Und wieder einmal zeigt sich, daß Gerichtsverfahren nicht für politische Auseinandersetzungen geeignet sind. Dies gilt genauso für Untersuchungsausschüsse. Schon der Flick-Untersuchungsausschuß konnte nur wenig Licht in das Dunkel des Bonner Korruptionssumpfes der frühen achtziger Jahre bringen. Einige der Hauptbeteiligten, etwa der spätere FDP-Vorsitzende Otto Graf Lambsdorff, wurden zwar wegen Steuerhinterziehung verurteilt, konnten aber dennoch in späteren Koalitionen maßgeblich an Steuerreformen der Bundesregierung mitwirken.

Eine ähnliche Entwicklung wird der Gang der Untersuchungen im neuen Parteispendenausschuß des Bundestages nehmen. Die Vernehmungen des Zeugen Kohl und des früheren Schatzmeisters Walther Leisler Kiep werden außer Erinnerungslücken und Aussageverweigerungen nichts zutage bringen. Der "Blackout", wie der damalige Generalsekratär Heiner Geißler Kohls Vergeßlichkeit in einem rheinland-pfälzischen Parteienfinanzierungsskandal bezeichnete, war eben schon immer beautiful.

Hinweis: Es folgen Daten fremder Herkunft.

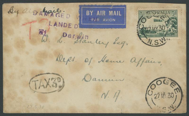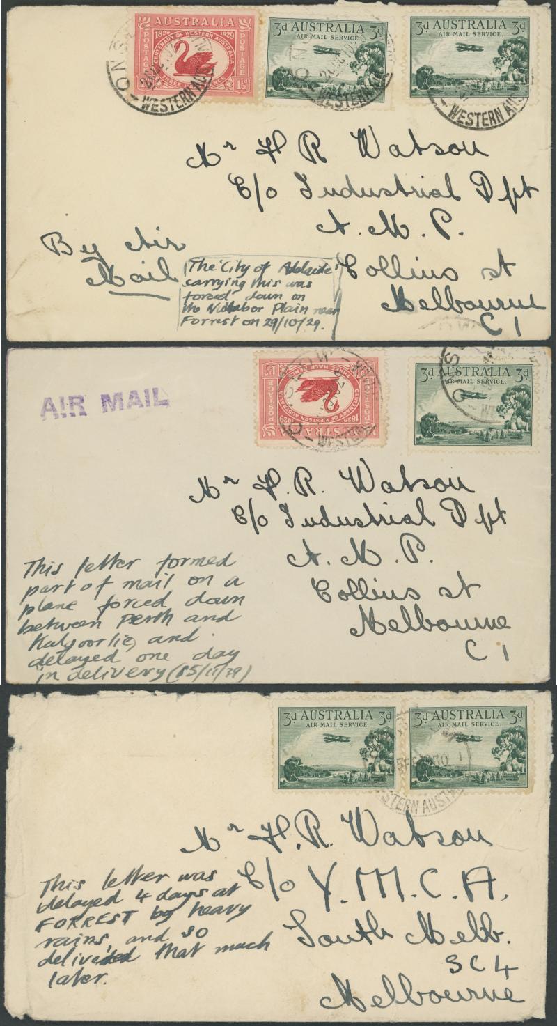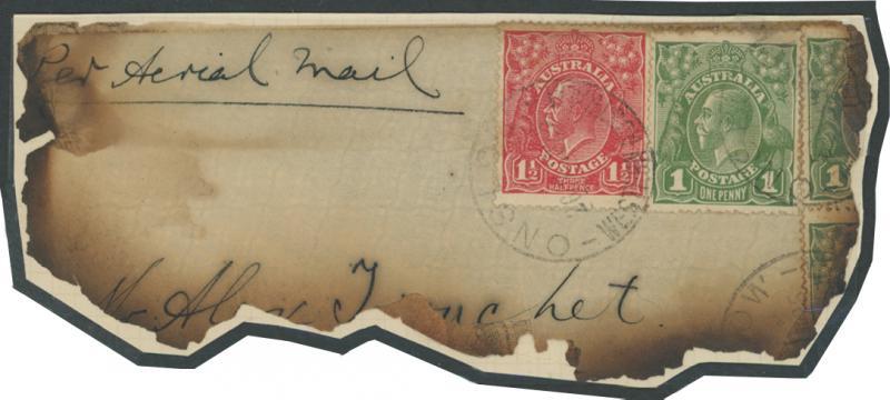 1925 (Jan 26) charred remains of a cover endorsed "Per Aerial Mail" with KGV 1d green x3 & 1½d red tied by light 'ONSLOW/WESTERN AUSTRALIA' cds, with the PMG's Department (Perth) roneo'd letter about the incident, AAMC 74, unpriced. Ex Carl Hardman-Smith. Both illustrated in Volume One at pages 66-67. Only one intact cover and one other part-cover are recorded. The aircraft was preparing for take-off at Onslow when the engine backfired, igniting petrol fumes, the fire destroying the aircraft.

Und schließlich nimmt das Interesse an Aufklärung auch auf der anderen Seite ab. Die Sozialdemokraten mußten erst kürzlich eingestehen, daß sie 18,4 Millionen Mark Dividendeneinnahmen aus ihren Medienbeteiligungen nicht im Rechenschaftsbericht der Partei angegeben hatten. Zwar waren sie dazu rechtlich nicht verpflichtet, aber die Geheimniskrämerei der Genossen steht in merkwürdigem Widerspruch zu deren Forderungen nach Transparenz bei der Konkurrenz. Und auch für die SPD und ihre Schatzmeisterin Inge Wettig-Danielmeier gilt, was der CDU seit langem vorgeworfen wird: Zugegeben wird nur das, was eindeutig nachgewiesen wurde. Somit folgt die Regie der Parteien im Untersuchungsausschuß wieder den bewährten Grundsätzen: Haut ihr unseren Kohl, hauen wir eure Wettig-Danielheimer und auch Gerhard Schröder, denn der müßte doch durch einige Vernehmungen zu Aussagen gebracht werden, warum die SPD ausgerechnet im Wahljahr so viel Dividenden von ihrer Druck- und Verlagsgesellschaft kassierte, während in den Vorjahren wohl nur kleinere Beträge in die Parteikasse flossen. Das ist sehr wohl merkwürdig, denn von Krisen der Presseunternehmen, an denen die SPD beteiligt ist, war in den letzten Jahren nichts bekannt.

Den Bürger würden die Zusammenhänge wohl interessieren. Doch da steht die Politik vor, weil zu viel Aufklärung auch nicht guttut und ein gewisses Einvernehmen zwischen den Parteien notwendig ist, um das Ansehen der Demokratie nicht aufs Spiel zu setzen. Die logische Fortsetzung wäre ein Freispruch für Helmut Kohl in einigen Jahren, falls das Verfahren nicht schon vorher eingestellt wird. Der Volksmund hat dafür ein Sprichwort: Die Kleinen hängt man, die Großen läßt man laufen.